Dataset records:
*** Begin section ***
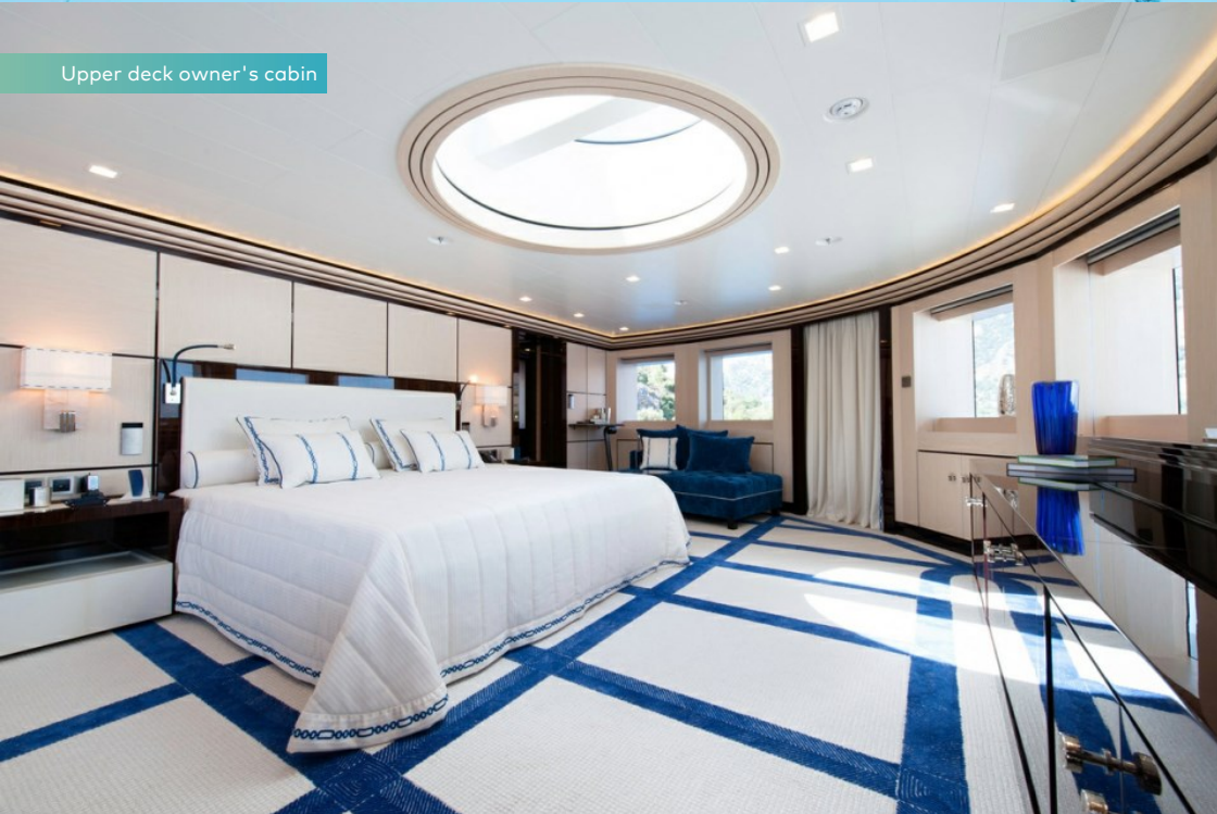
Upper deck owner's cabin
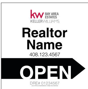
EXAMPLE SIZE: 24IN X 24IN STANDARD
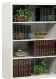
4-opening 52" HIGH
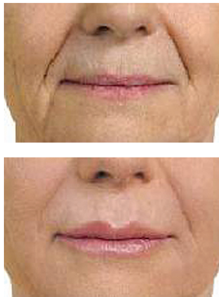
Figure 5 A clinical example of the use of Juvederm™ for nasolabial folds.

Other HA fillers are in development in the US and should receive FDA clearance over the next several years. Mentor Corporation (Santa Barbara, CA, US) is primed to launch
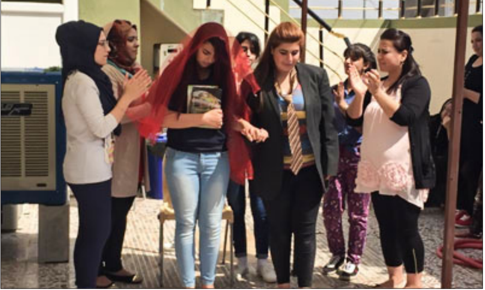
CPT Delegation visits the Baynjan Women's Center
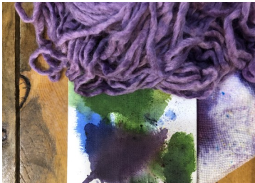
Not Afraid to Dye with Tami Fuller
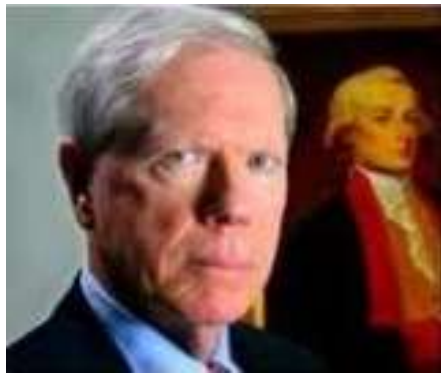
By: Paul Craig Roberts

Paul Craig Roberts, a former Reagan administration cabinet member has stated: “Medical Information Is Being Suppressed To Cover Up For The False Covid Narrative” This is for the skeptics who believe Covid was a novel rogue virus from bats and pangolin in China.
*** End section ***
What is needed
Copy, from the data above, every line where the word "Paul" appears.

Final answer
By: Paul Craig Roberts
Paul Craig Roberts, a former Reagan administration cabinet member has stated: “Medical Information Is Being Suppressed To Cover Up For The False Covid Narrative” This is for the skeptics who believe Covid was a novel rogue virus from bats and pangolin in China.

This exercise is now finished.